Recent evidence suggests that a subset of women with normal BMI and excess body fat may be at increased risk for breast cancer. Specifically, excess body fat is associated with adipocyte hypertrophy. In women with normal BMI, breast adipocyte hypertrophy correlates with white adipose tissue inflammation, elevated levels of aromatase (the rate-limiting enzyme for estrogen biosynthesis), and increased circulating levels of leptin.⁷ In addition, insulin resistance is a well-known consequence of excess body fat.⁸ In postmenopausal women with normal BMI, elevated insulin levels have been associated with an increased risk of breast cancer.⁹ Importantly, insulin resistance, breast adipose inflammation, elevated aromatase expression, and increased levels of leptin have all been suggested to play a role in the pathogenesis of obesity-related breast cancer.^10-14 Collectively, these prior findings raise the possibility that excess body fat may be associated with an increased risk of postmenopausal breast cancer in women with normal BMI, a group in which the etiology of breast cancer is poorly understood.¹⁵

Direct measurement of body fat can be precisely obtained using dual-energy x-ray absorptiometry (DXA).¹⁶ Body mass index and DXA-derived measures of body fat are associated with breast cancer risk in overweight and obese postmenopausal women.¹⁷ Currently, women with normal BMI are not thought to harbor an increased breast cancer risk apart from those with familial and/or genetic syndromes. To determine whether body fat contributes to postmenopausal breast cancer risk in women with normal BMI, we used DXA-derived measures obtained in a subset of participants in the Women’s Health Initiative (WHI).¹⁸ In addition, we examined the associations between body fat levels in women with normal BMI and circulating metabolic and inflammatory factors that have been linked to the pathogenesis of breast cancer.

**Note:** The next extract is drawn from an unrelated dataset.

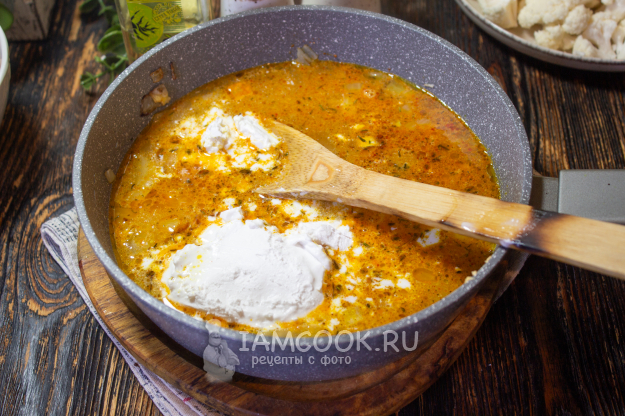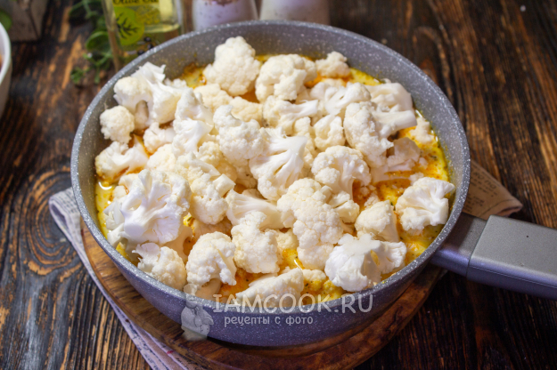 Добавьте цветную капусту, накройте сковороду крышкой и готовьте 5-7 минут.

A detailed description of the WHI design and study population was presented elsewhere.¹⁹ The trial protocol is available in Supplement 1. Briefly, the study included 161 808 postmenopausal women aged 50 to 79 years, from major racial/ethnic groups, who were enrolled at 40 clinical centers throughout the United States from October 1, 1993, through December 31, 1998. Women were included in the randomized clinical trial, which has 3 overlapping components (hormone therapy [2 trials], low-fat diet modification, and calcium and vitamin D supplementation [n = 68 132]), or the observational study (n = 93 676).¹⁹ Women included in the WHI had normal mammogram findings at baseline or mammogram findings not suggestive of cancer within 2 years before enrollment. The study was approved by the institutional review boards of all participating institutions, and all participants provided written informed consent.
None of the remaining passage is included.